El temor en torno a Castillo va más allá de lo razonable. Ha transformado a contendientes legítimos de Castillo en peligrosos opositores de la democracia.
Es hora de parar en seco esta locura. En vez de sacrificar a la democracia en el altar del antizquierdismo, las élites de Perú deberían aprovechar los mecanismos democráticos para moderar o bloquear las propuestas más extremas de Castillo. Dada la debilidad de Castillo, no debería ser difícil.
Por su parte, Castillo debe reconocer que no resultó electo debido a sus ideas radicales, sino a pesar de ellas. Los peruanos lo consideraron el menor de dos males. Para gobernar, debe construir puentes con las fuerzas centristas y de la centroizquierda. Si no lo hace, su presidencia (y la democracia de Perú) estará en peligro.

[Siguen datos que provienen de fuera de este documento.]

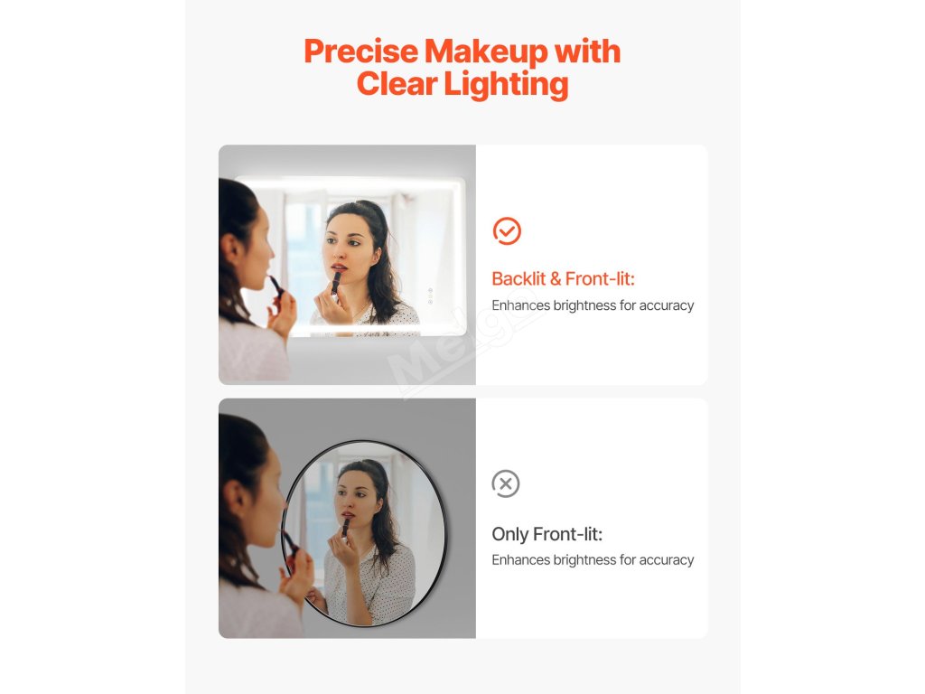 Toto osvětlené koupelnové zrcadlo se neomezuje pouze na domácí použití - bez problémů se hodí do salonů, hotelů, kanceláří a dalších veřejných prostor. Nabízí pohodlí a zároveň zvyšuje celkový styl a funkčnost každé místnosti.

El gobierno de Joe Biden conoce bien los peligros de las acciones con miras a anular el resultado legítimo de unas elecciones. Por esta razón, destacó hace poco que las elecciones fueron un “modelo para la democracia en la región”. La comunidad internacional no debería quedarse callada ante el paulatino golpe que va tomando forma en Perú. Las democracias amenazadas necesitan nuestro apoyo.
Steven Levitsky es profesor de gobierno en Harvard y coautor de How Democracies Die. Alberto Vergara es profesor de la Universidad del Pacífico, en Lima, y coeditor de Politics after Violence: Legacies of the Shining Path Conflict in Peru.